ACTIVITY
Omit every picture, then return the listing verbatim.

COLLECTED MATERIAL

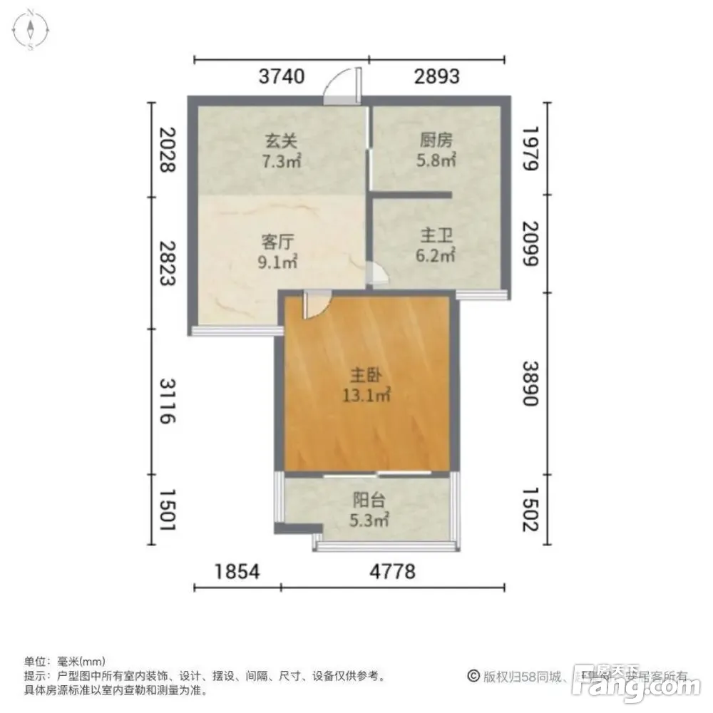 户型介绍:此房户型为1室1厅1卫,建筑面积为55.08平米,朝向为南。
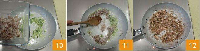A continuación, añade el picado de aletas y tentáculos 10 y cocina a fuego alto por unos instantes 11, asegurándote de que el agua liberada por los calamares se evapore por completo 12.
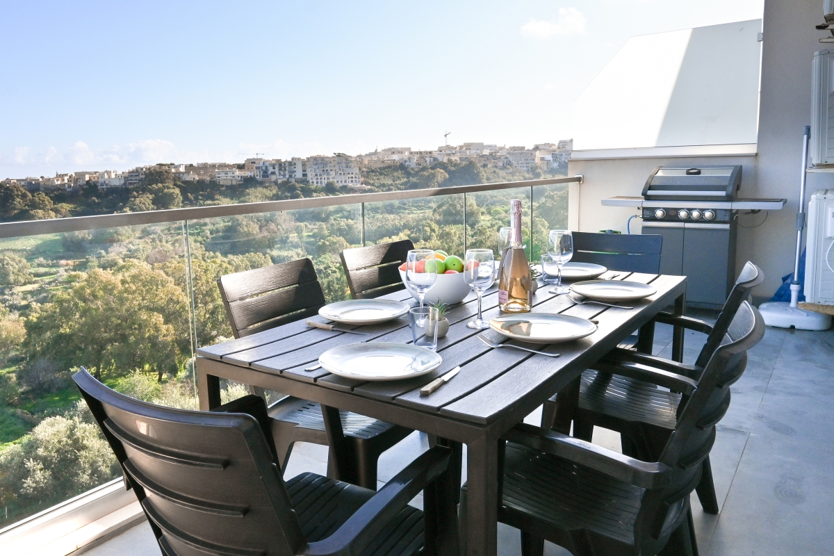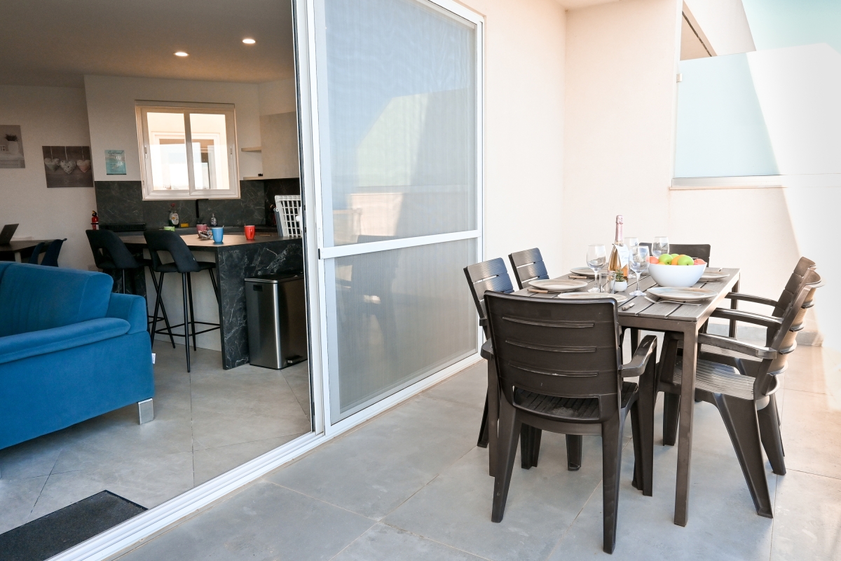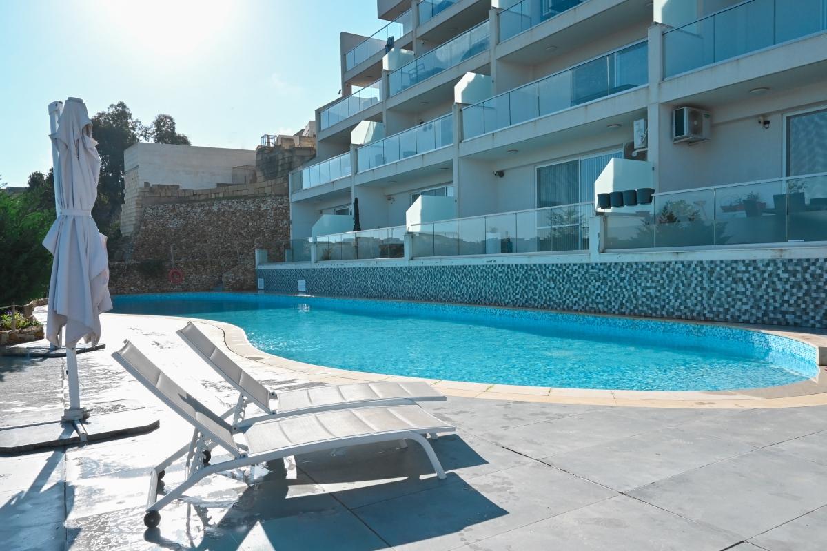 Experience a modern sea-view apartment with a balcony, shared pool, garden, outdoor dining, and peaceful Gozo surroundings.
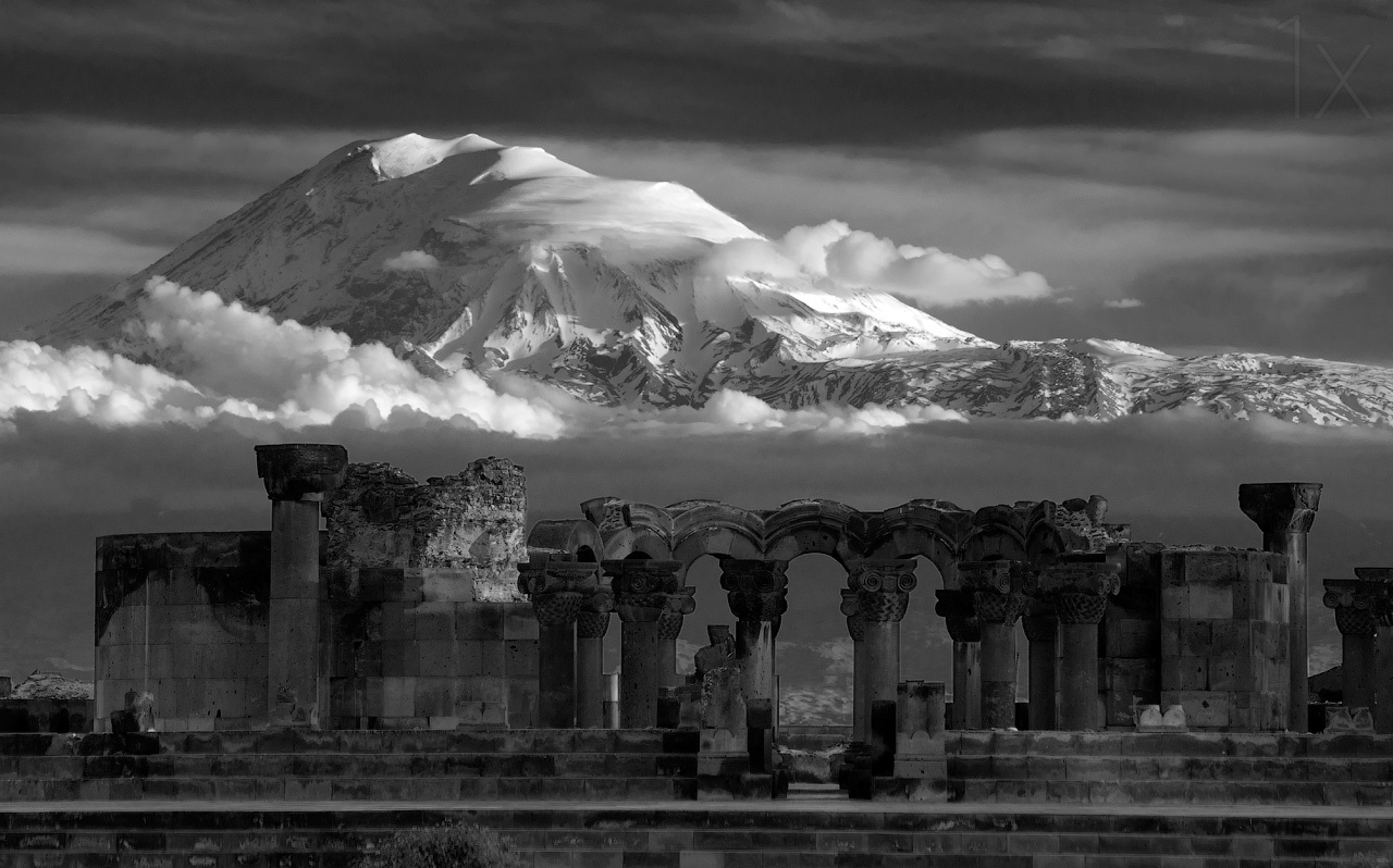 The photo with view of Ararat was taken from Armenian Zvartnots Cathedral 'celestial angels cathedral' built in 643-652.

REPLY
 户型介绍:此房户型为1室1厅1卫,建筑面积为55.08平米,朝向为南。
A continuación, añade el picado de aletas y tentáculos 10 y cocina a fuego alto por unos instantes 11, asegurándote de que el agua liberada por los calamares se evapore por completo 12.
 Experience a modern sea-view apartment with a balcony, shared pool, garden, outdoor dining, and peaceful Gozo surroundings.
 The photo with view of Ararat was taken from Armenian Zvartnots Cathedral 'celestial angels cathedral' built in 643-652.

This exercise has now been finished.